Rozwiedliśmy się natychmiast. Przez ten czas nie miałem kontaktu ani z Marzeną, ani z synami. Po rozwodzie z Kasią postanowiłem wrócić do pierwszej żony. Kupiłem kwiaty, wino, tort i pojechałem pod jej stare mieszkanie. Okazało się, iż już tam nie mieszka. Nowy właściciel dał mi nowy adres.

Poszedłem tam. Otworzył mi jakiś facet. Marzena znalazła dobrą pracę i wyszła za kolegę z biura. Była szczęśliwa, ułożyła sobie życie.
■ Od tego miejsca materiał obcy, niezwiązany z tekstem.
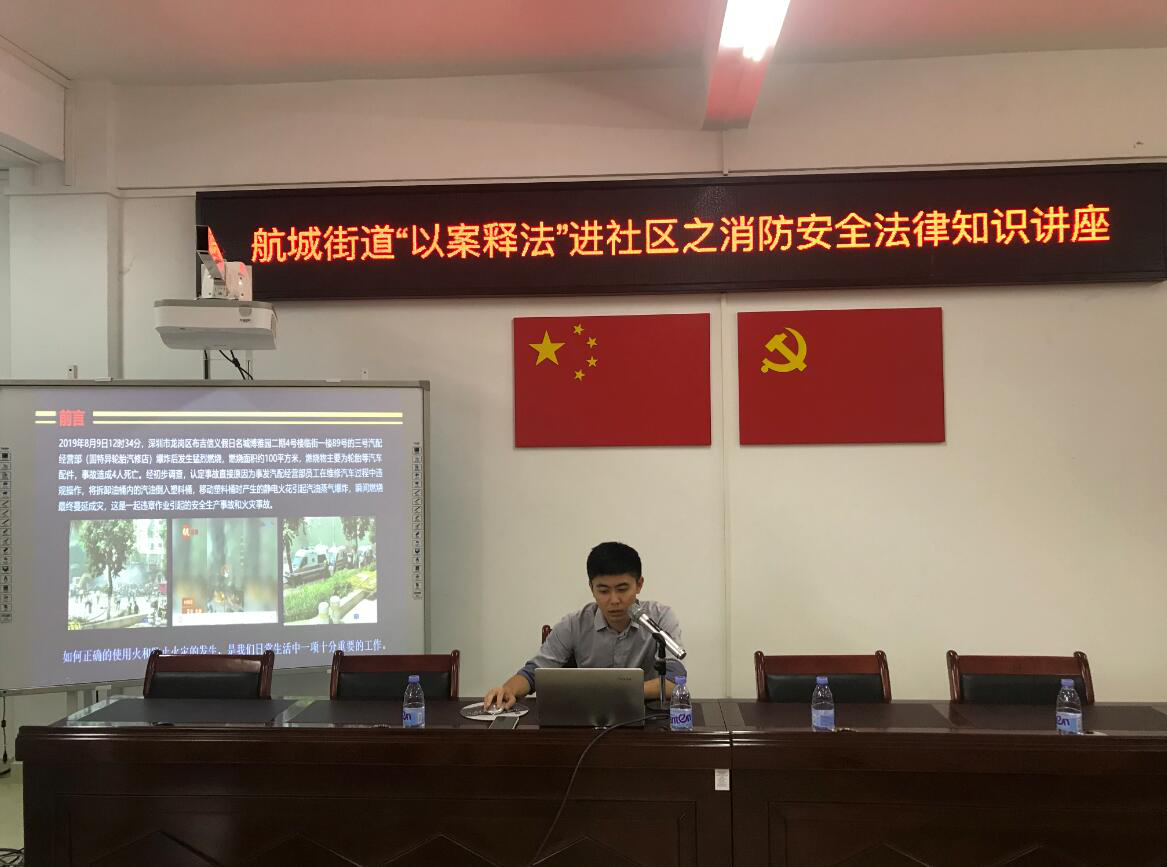 为普及消防安全知识,提高社区居民的消防安全意识,减少社区消防安全隐患,进一步提高社区居民的自防自救能力,近日航城街道普法办、航城街道司法所在黄麻布社区开展“以案释法”消防安全知识讲座。
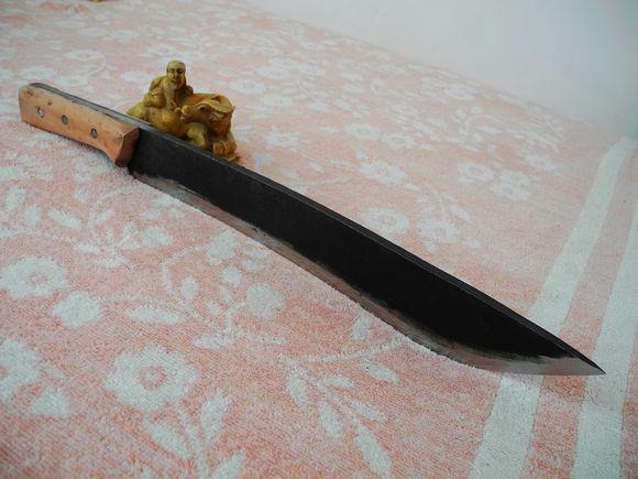 殺豬是桶心臟,刀子是細長的帶彎的,是向內彎的,有點像網上的廓爾喀彎刀,或者説牛腿彎刀。和圖片很類似
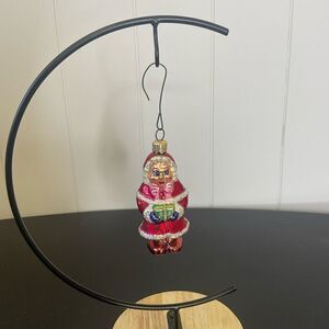 Old World Christmas Glass Ornament 2 Sided Santa & Mrs Claus Red 3.5" Tall
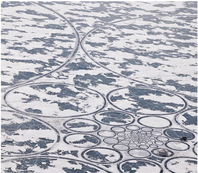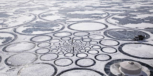 آقای Jim Denevan هنرمند آمریکایی با کنده کاری بر روی دریاچه Baikal در Siberia موفق به خلق این آثار جالب توجه شده است. این هنرمند به خلق آثار با الگوهای منظم و تکرار و در ابعاد بسیار کوچک تا بسیار بزرگ شهره است.

Spotkałem ją później w kawiarni. Poprosiłem, żeby do mnie wróciła. Spojrzała na mnie jak na idiotę i wyszła. Teraz dopiero widzę, jaki błąd popełniłem. Czego ja adekwatnie chciałem? Co osiągnąłem? Po co rzuciłem żonę dla jakiejś młodziutkiej laski?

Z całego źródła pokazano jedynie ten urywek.